Items listed in a dataset:
#####

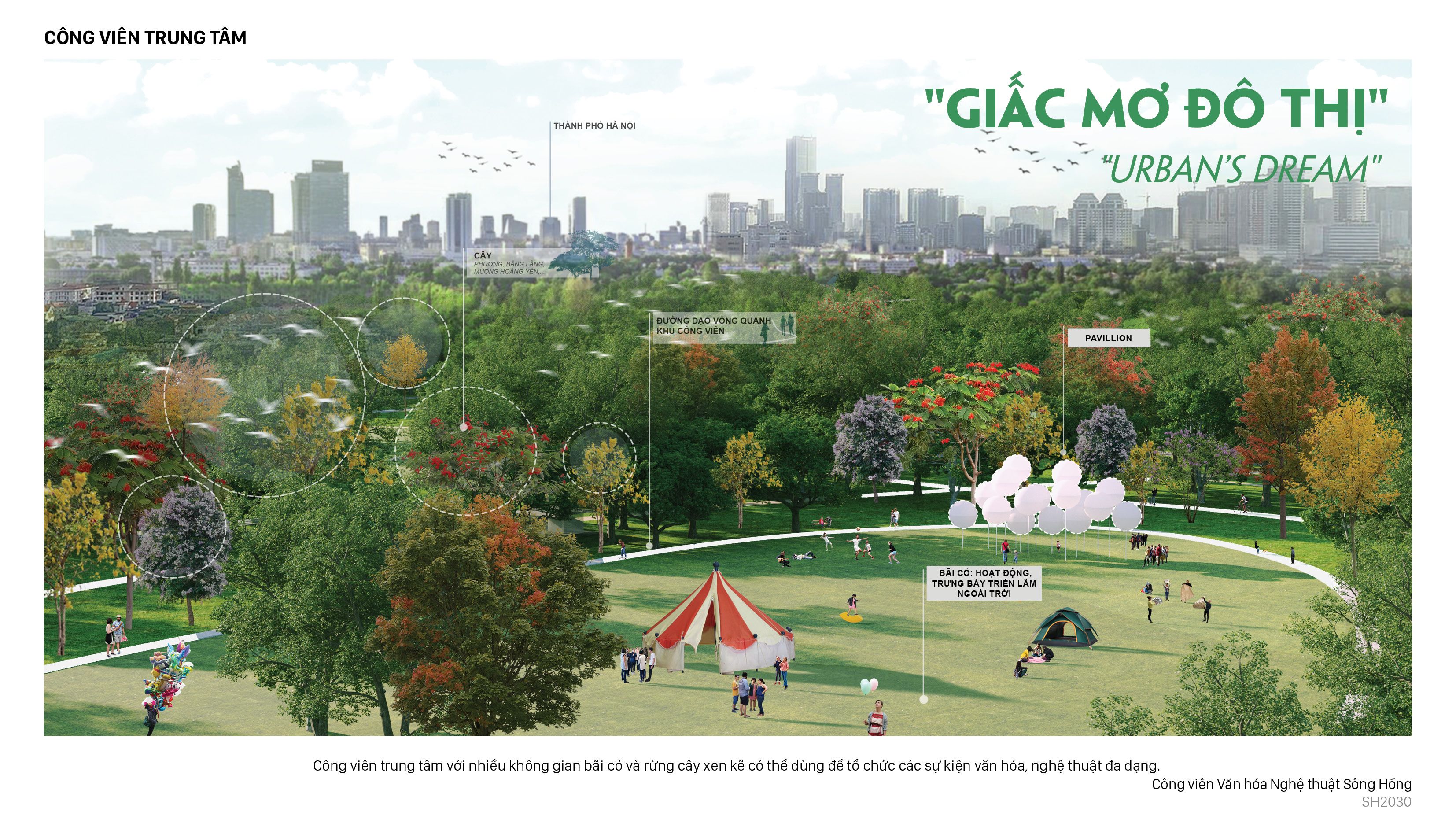 Với vị trí đặc biệt trong lòng thủ đô, Hà Nội của tương lai xứng đáng có một không gian vượt lên trên một công viên đơn thuần. Dự án là mô hình mẫu trực quan về tính bền vững và khả năng phục hồi, công viên mới sẽ tập trung vào sức khỏe và thể chất của con người nhờ thiên nhiên thông qua 4 chủ đề: nước; đa dạng sinh học bền vững và tạo dựng nơi chốn.
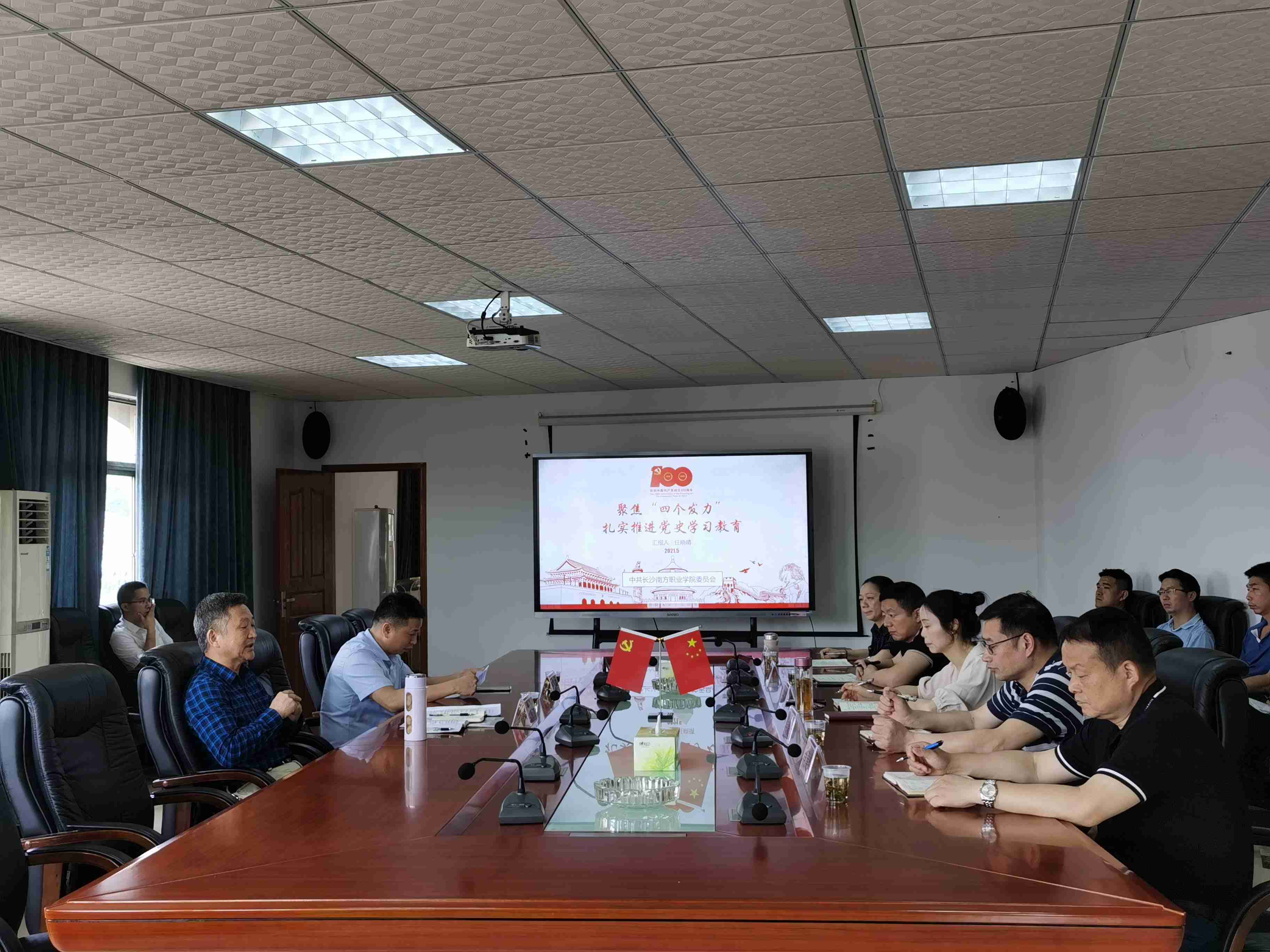 2021年6月1日上午,長沙市教育局黨史學(xué)習(xí)教育第五巡回指導(dǎo)組王天玉、陳忠文一行蒞臨我院督導(dǎo)檢查黨史學(xué)習(xí)教育開展情況。巡回指導(dǎo)組通過聽取工作匯報、與師生座談、查閱相關(guān)資料、查看特色活動載體、實地考察等形式對我院黨史學(xué)習(xí)教育進行了全面深入指導(dǎo)。學(xué)院黨委書記任曉晴,黨委副書記肖曉春,紀(jì)委書記吳濤,統(tǒng)戰(zhàn)部長肖建偉,黨委委員王建輝,各黨總支書記、副書記、專職組織員以及各處室負(fù)責(zé)人參加。會議由任曉晴主持。
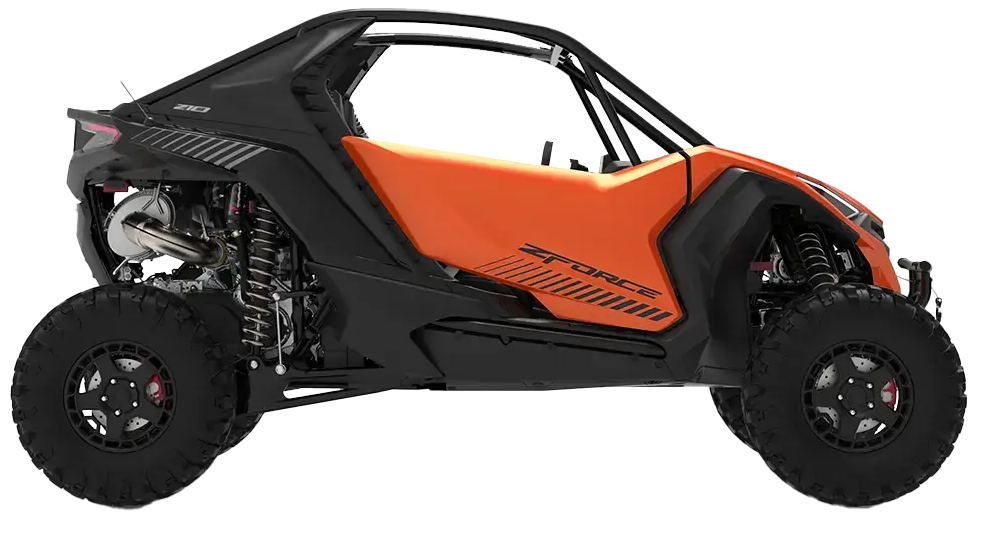 O ZFORCE Z10 TURBO é a escolha perfeita para quem busca aventura e adrenalina. Equipado com um potente motor turbo de três cilindros, transmissão OmniDrive™ de transições suaves e tecnologia avançada como o display RideSync™ de 12,3” com Apple CarPlay, ele combina desempenho e conectividade. Enfrente os terrenos mais desafiadores com os amortecedores FOX® QSE ajustáveis diretamente no volante ou pelo aplicativo FOX. Este é o UTV que redefine o conceito de emoção e controle.
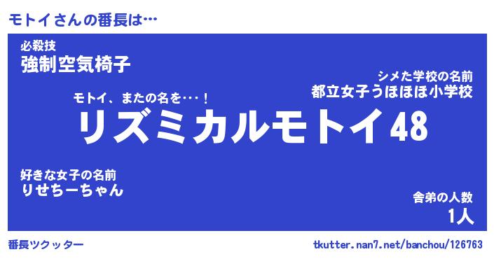 | ファンタジー風あだ名 | 『モトフェル』『エターナルモトイー』 |
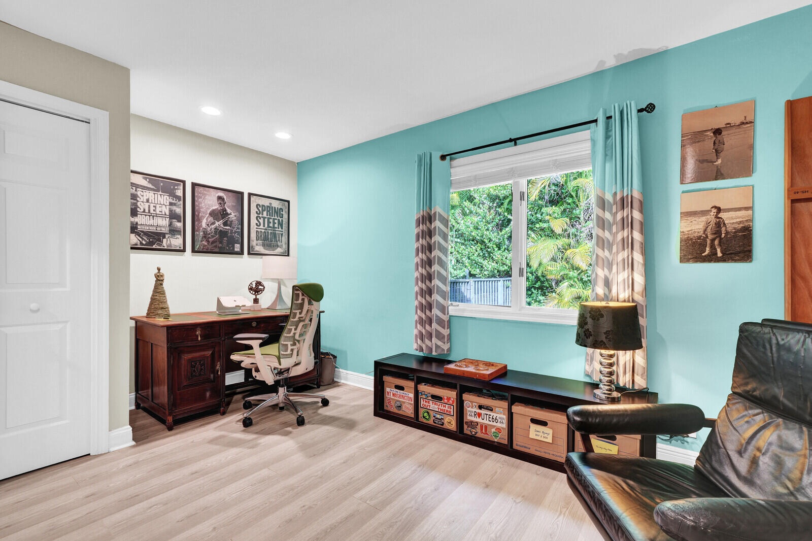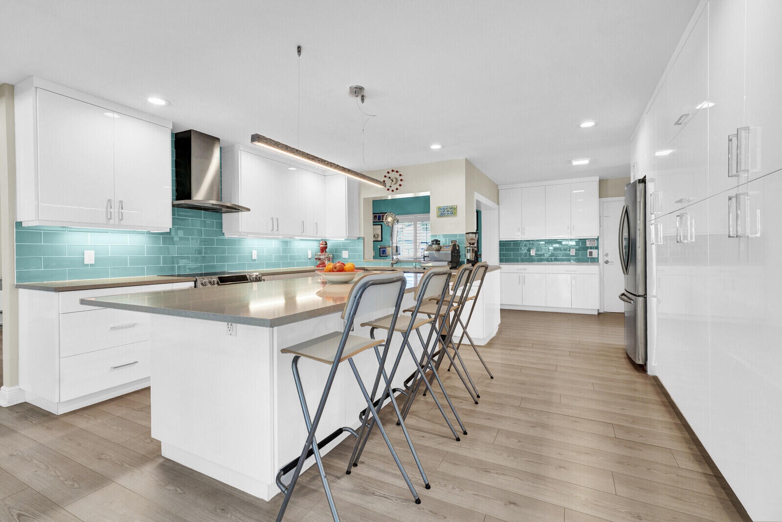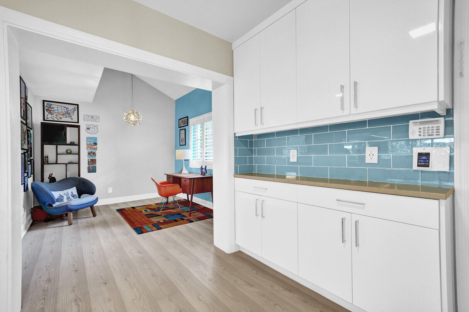 Inside, the home features a renovated, open-concept kitchen highlighted by sleek stone countertops and a well-appointed island ideal for casual dining and entertaining. Updated bathrooms and consistent laminate flooring throughout create a clean, cohesive aesthetic. Just off the kitchen, a versatile bonus room serves as the perfect flex space for a home office, gym, or relaxed breakfast room, enhancing the home's adaptability to a variety of lifestyles.

#####

-- YOUR GOAL --
Of the lines above, copy only those from the one holding "2021年6月1日上午,長沙" to the one holding "ファンタジー風あだ名 | 『モトフェル』『エターナルモトイー』 |", both included, and exclude every image.

-- ANSWER TO THIS PROBLEM --
 2021年6月1日上午,長沙市教育局黨史學(xué)習(xí)教育第五巡回指導(dǎo)組王天玉、陳忠文一行蒞臨我院督導(dǎo)檢查黨史學(xué)習(xí)教育開展情況。巡回指導(dǎo)組通過聽取工作匯報、與師生座談、查閱相關(guān)資料、查看特色活動載體、實地考察等形式對我院黨史學(xué)習(xí)教育進行了全面深入指導(dǎo)。學(xué)院黨委書記任曉晴,黨委副書記肖曉春,紀(jì)委書記吳濤,統(tǒng)戰(zhàn)部長肖建偉,黨委委員王建輝,各黨總支書記、副書記、專職組織員以及各處室負(fù)責(zé)人參加。會議由任曉晴主持。
 O ZFORCE Z10 TURBO é a escolha perfeita para quem busca aventura e adrenalina. Equipado com um potente motor turbo de três cilindros, transmissão OmniDrive™ de transições suaves e tecnologia avançada como o display RideSync™ de 12,3” com Apple CarPlay, ele combina desempenho e conectividade. Enfrente os terrenos mais desafiadores com os amortecedores FOX® QSE ajustáveis diretamente no volante ou pelo aplicativo FOX. Este é o UTV que redefine o conceito de emoção e controle.
 | ファンタジー風あだ名 | 『モトフェル』『エターナルモトイー』 |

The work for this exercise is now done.